I need to calculate reach, grouped by different criterions, and would prefer to keep everything in my database. I'm looking for either a pre-built bitset implementation for PostgreSQL, or pointers on how I may achieve my goal.

What I'm currently doing is storing serialized Java instances of EWAHCompressedBitSet in bytea columns, but this means I have to round-trip to a Java process to continue my calculations.

Ideally, I'd like to be able to do the following:

-- Unique people reached during a time window
SELECT   service_name, last_updated_at, bitset_or(followers_bs)
FROM     followers
GROUP BY service_name, last_updated_at

I have used a commercial solution (Truviso) that had such a feature, and it was based on PostgreSQL as well.

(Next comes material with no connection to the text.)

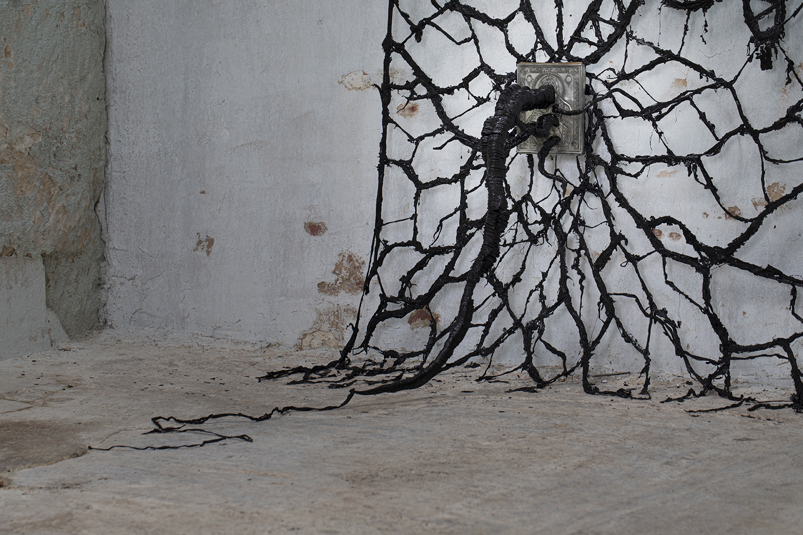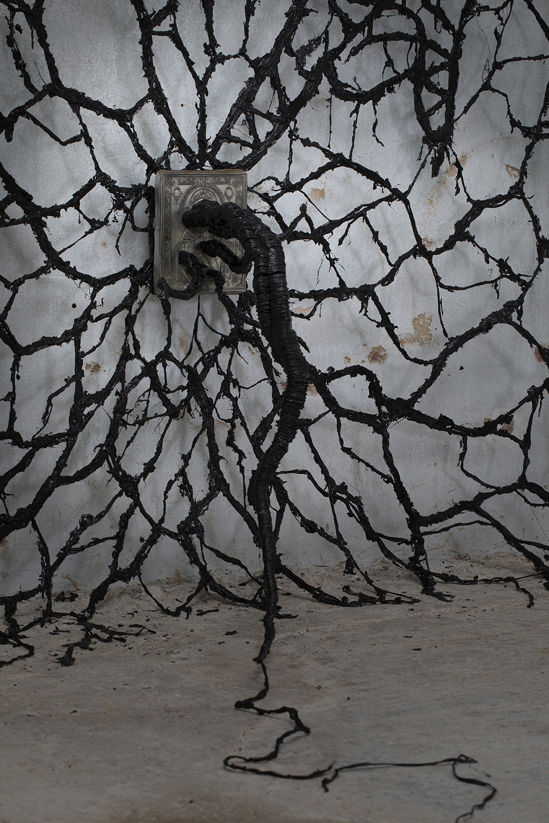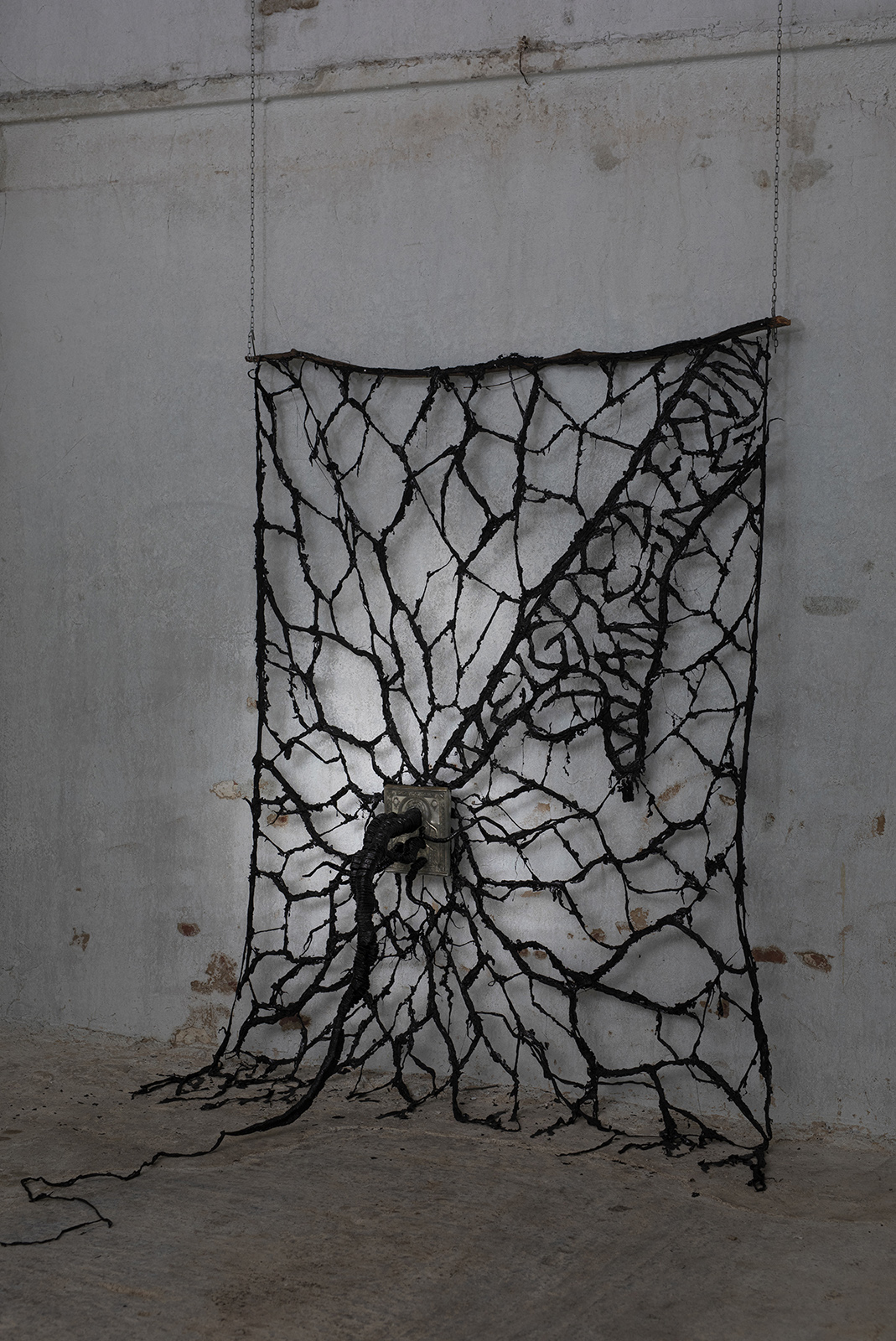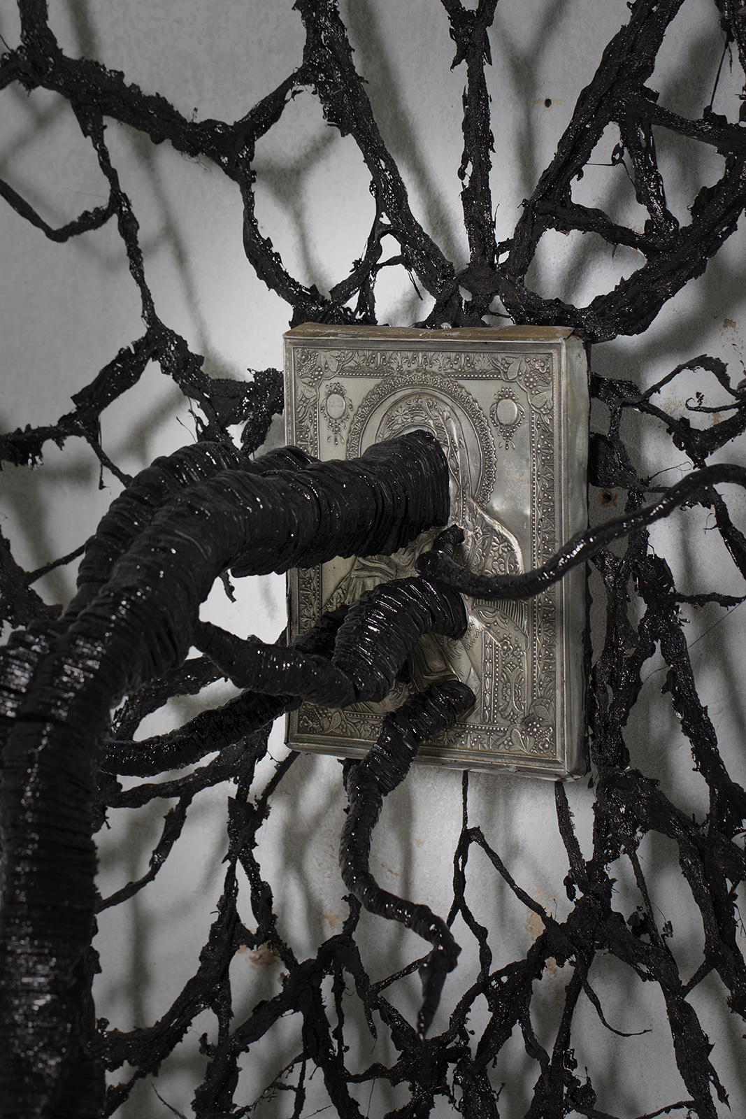 enamel paint, textile, aluminium riza, polistirol, chain, 200 x 150 x 150 cm

Note that I do have a table that has the data in an uncompressed format, but because the data is so huge (10M rows and counting), JOINing on it simply takes too much time than I want to devote to it.

Best Answer

Can you use the "bit" type instead of "bytea", and use your own user-defined aggregate?

postgres=> CREATE AGGREGATE bitset_or ("bit")
postgres-> ( sfunc    = bitor,
postgres->   stype    = "bit",
postgres->   initcond =   '0'  );

Now bitset_or should work with your query as written (again, assuming bytea -> bit).